My mate Stan once said that the British do pensive well and all our Brit Movies start with the hero being pensive, smoking a fag whilst look out the window, that kind of stuff. I have to admit to a real wave of pensiveness right now as I sit having a coffee, it feels like a colossal burden and emotional tide rolled into one and I am both hyper aware of my surroundings and yet feel utter inarticulate in my ability to describe them.
There are people, there is music, families and those alone, reading and wazzocks like me tapping away on a computer and it is unremarkable in every way and yet, somehow, I am having an emotional response to the environment. Digging deeper, I don’t feel unhappy the opposite in fact and I do not feel dislocated, or alone – I am not speaking to anyone and not really observing the human zoon like I normally do and yet I feel, lucky? Is lucky the word? Maybe not lucky, but strangely calm and accepting, maybe this is just my idea of Valhalla only it is not a literal afterlife but perhaps the one I chose to enter now and again whilst still be alive.

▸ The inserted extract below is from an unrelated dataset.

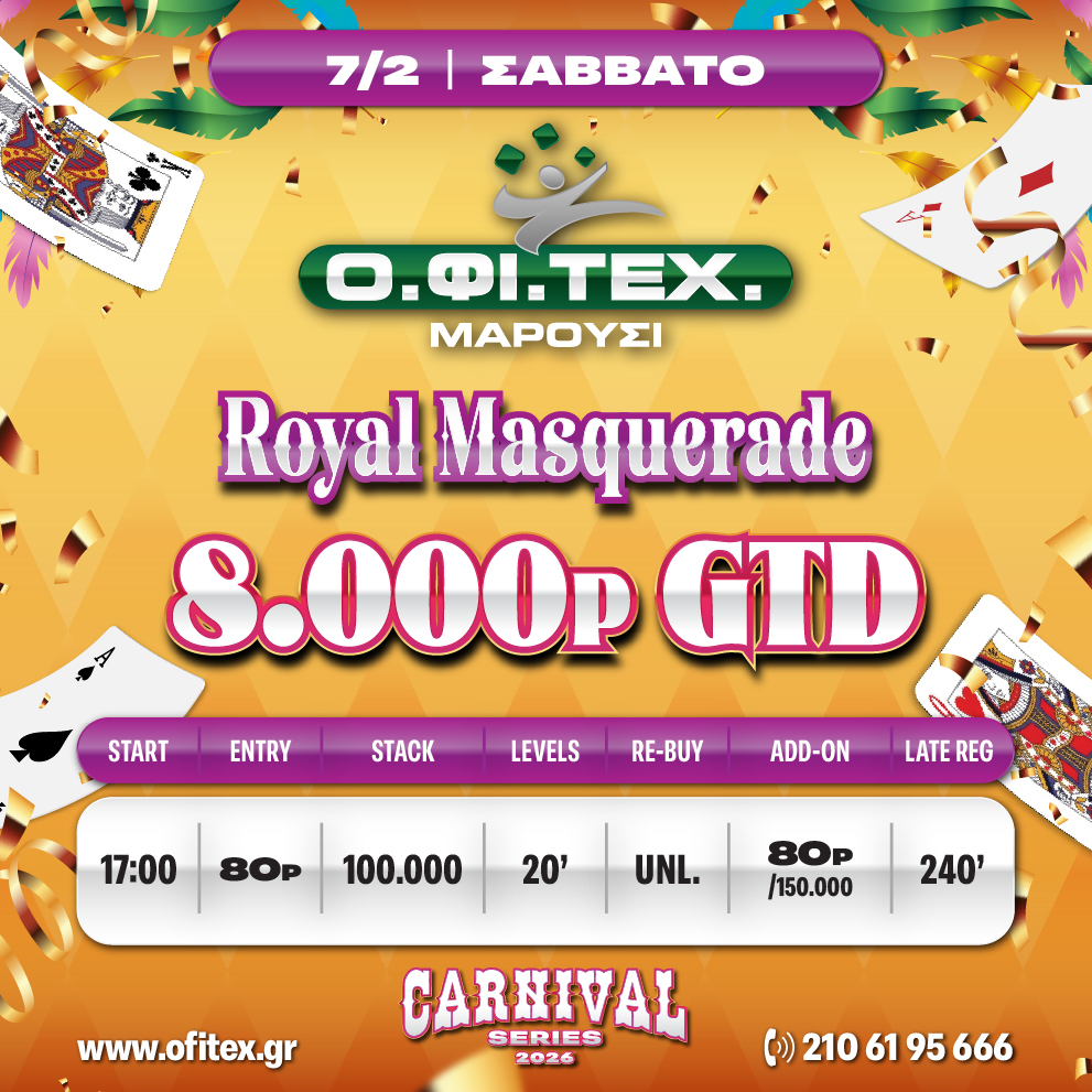 Royal Masquerade → Πόντοι: 80p → Μάρκες: 100.000 → Blinds Level: 20 Min → Re-Buy: Unlimited → Add-on: 80p/150.000 → Late Reg. 240 Min

That suggests I may find life a burden in some way, plodding, perhaps? Do I find it unnecessarily harsh at time and unfair? I don’t know if I can say that because this pensive, calm and accepting feeling happens more often than not, sometimes it is walking around London, Bloomsbury mostly, on a sunny day and looking up, closing my eyes and feeling the sun on my face – I love to do that. Sometimes it is sitting in a library and doing my job, sometimes it is in the middle of nowhere, sitting down and looking around. Right now, it is just nice to sit where I am – I think I might just stay a while longer.